*Instructions to follow*: Reproduce the records precisely. Omit every picture.

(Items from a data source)
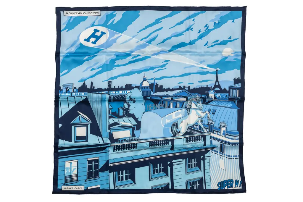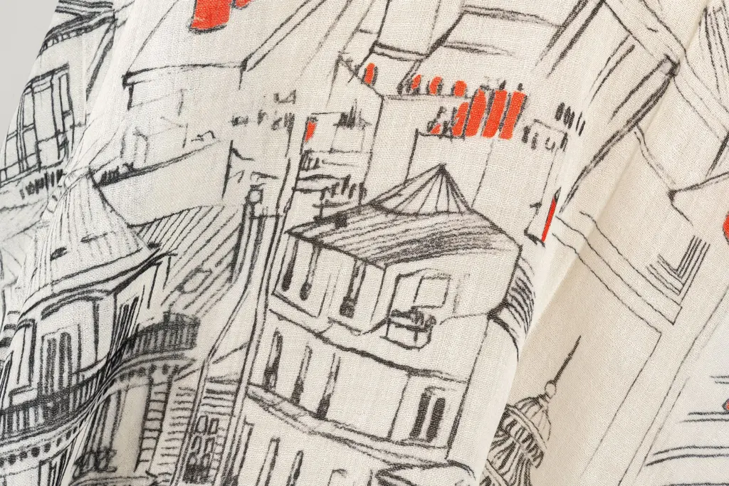 Chanel new white cashmere shawl. Red and black roofs of Paris design. Care tag attached.
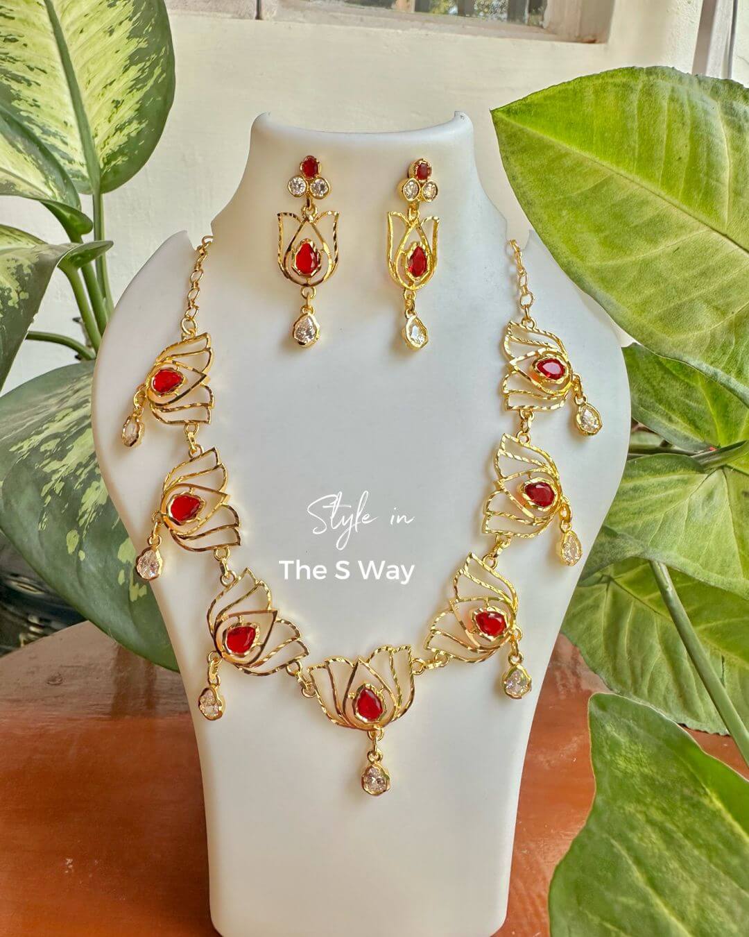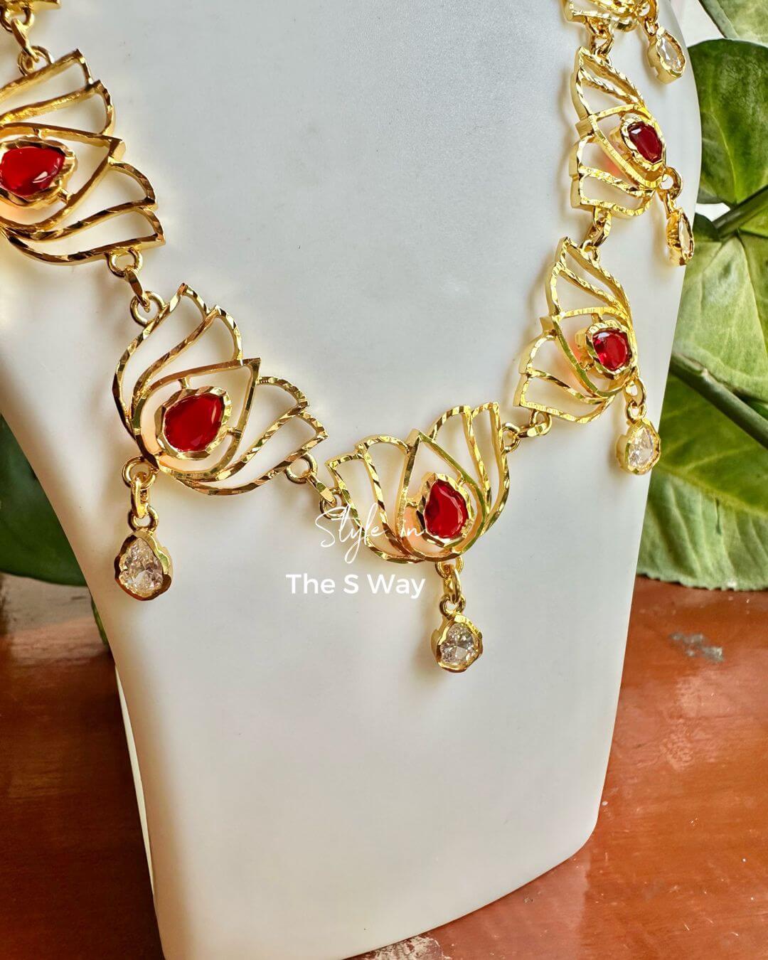 Crafted as part of our Bohag Bihu Demi-Fine Collection, this piece celebrates the elegance of traditional Assamese jewellery with a refined contemporary touch. Designed with intricate “Lotus with tear drop” detailing on the pendant, finished in red and white accents, it reflects cultural artistry while remaining lightweight and versatile for modern wear. Perfect for festive celebrations and cultural occasions, this piece beautifully blends heritage inspiration with effortless sophistication.
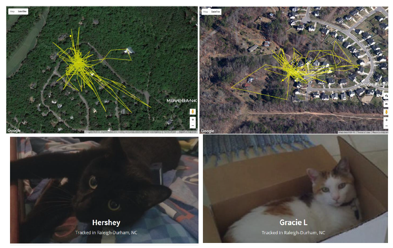 In the following dataset, we have data on the number of hours that various cats spend away from their house over a one week period. They are tracked via cool GPS collars, and these data make pretty pictures of how far they traveled from their homes.
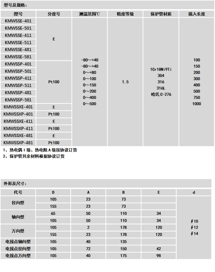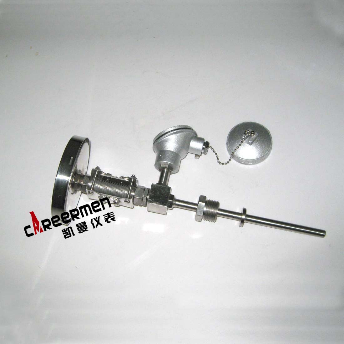 应用:采用双金属温度计与热电偶(阻)一体的方式,既满足现场测温需求,亦满足远距离传输需求。可以直接测量各种生产过程中的-80~+500℃范围内液体、蒸汽和气体介质以及固体表面温度。
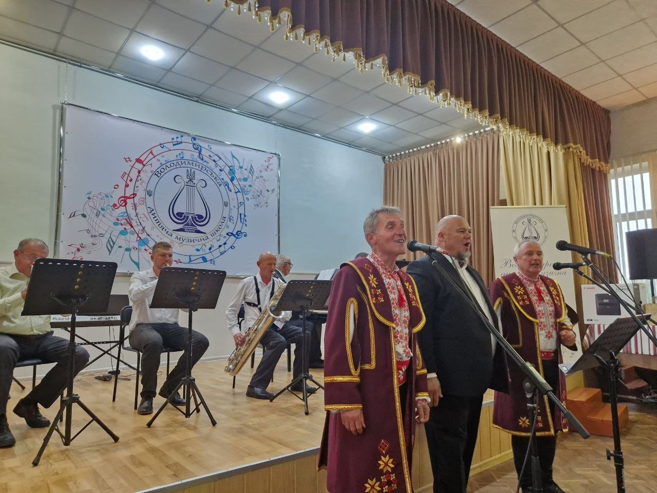 Своїм талановитим виконанням різноманітних музичних номерів святкову атмосферу цього дня створювали і теперішні учні школи та їхні викладачі. Разом з колегами-музикантами співав і директор Роман Віслобоков.
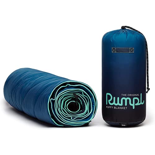 Rumpl Original Puffy Blanket – Warm Puffy Camping Blanket, 100% Recycled Polyester Insulation, Lightweight, Packable, Water-Resistant, Outdoor Puffer Blanket, 52″x75″, Ocean Fade
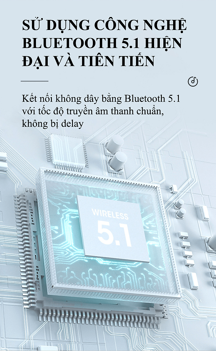 - Sản phẩm sử dụng chuẩn kết nối BLUETOOTH 5.1. Bạn có thể dễ dàng kết nối với máy PC, laptop,… để thưởng thức âm nhạc dù ở bất kỳ nơi đâu.
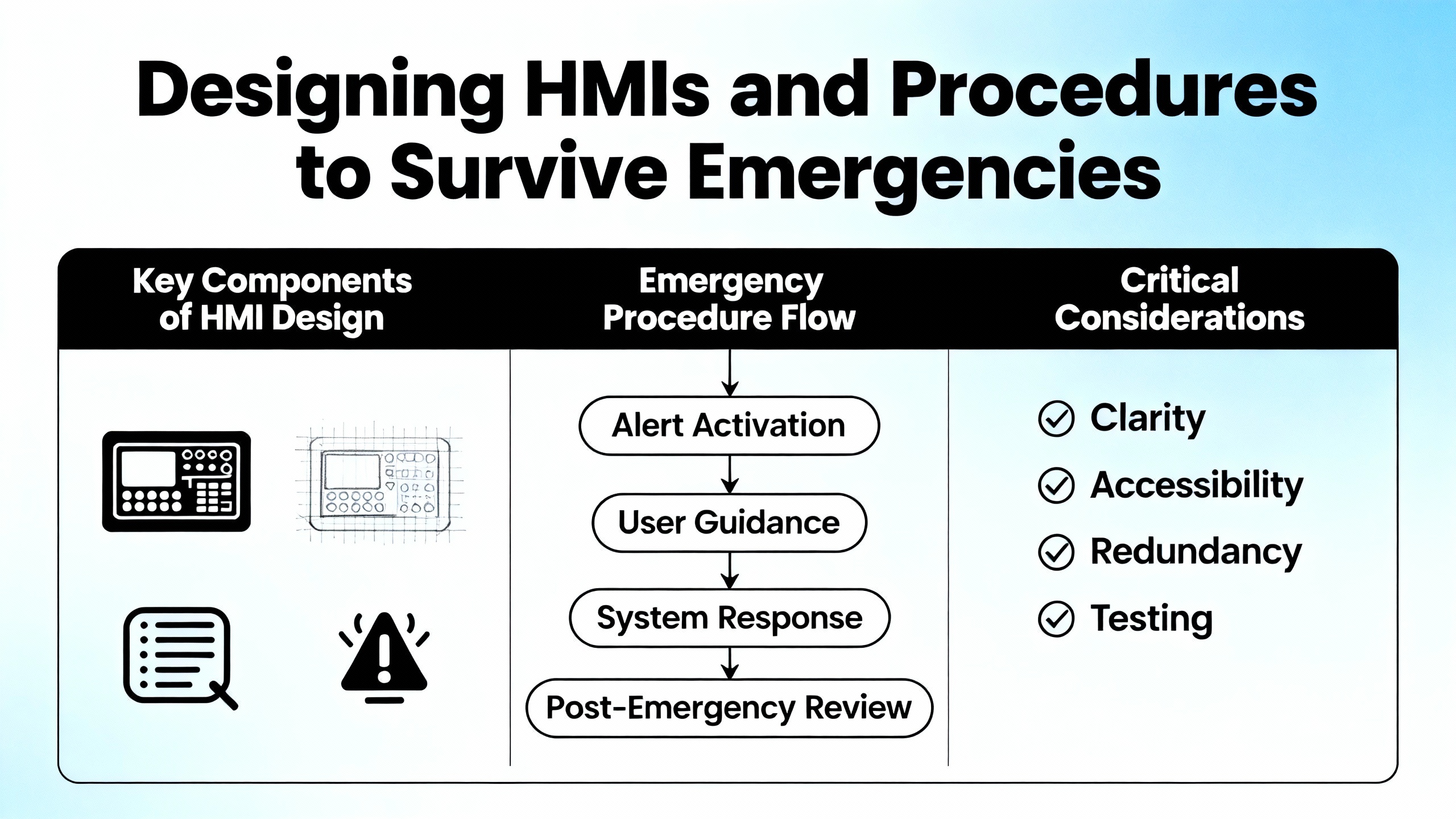 Emergency readiness is not only about hardware. The way your HMI is designed and governed determines how operators cope in abnormal conditions and how easily you can swap panels without confusion.

*The answer*:
 Chanel new white cashmere shawl. Red and black roofs of Paris design. Care tag attached.
 Crafted as part of our Bohag Bihu Demi-Fine Collection, this piece celebrates the elegance of traditional Assamese jewellery with a refined contemporary touch. Designed with intricate “Lotus with tear drop” detailing on the pendant, finished in red and white accents, it reflects cultural artistry while remaining lightweight and versatile for modern wear. Perfect for festive celebrations and cultural occasions, this piece beautifully blends heritage inspiration with effortless sophistication.
 In the following dataset, we have data on the number of hours that various cats spend away from their house over a one week period. They are tracked via cool GPS collars, and these data make pretty pictures of how far they traveled from their homes.
 应用:采用双金属温度计与热电偶(阻)一体的方式,既满足现场测温需求,亦满足远距离传输需求。可以直接测量各种生产过程中的-80~+500℃范围内液体、蒸汽和气体介质以及固体表面温度。
 Своїм талановитим виконанням різноманітних музичних номерів святкову атмосферу цього дня створювали і теперішні учні школи та їхні викладачі. Разом з колегами-музикантами співав і директор Роман Віслобоков.
 Rumpl Original Puffy Blanket – Warm Puffy Camping Blanket, 100% Recycled Polyester Insulation, Lightweight, Packable, Water-Resistant, Outdoor Puffer Blanket, 52″x75″, Ocean Fade
 - Sản phẩm sử dụng chuẩn kết nối BLUETOOTH 5.1. Bạn có thể dễ dàng kết nối với máy PC, laptop,… để thưởng thức âm nhạc dù ở bất kỳ nơi đâu.
 Emergency readiness is not only about hardware. The way your HMI is designed and governed determines how operators cope in abnormal conditions and how easily you can swap panels without confusion.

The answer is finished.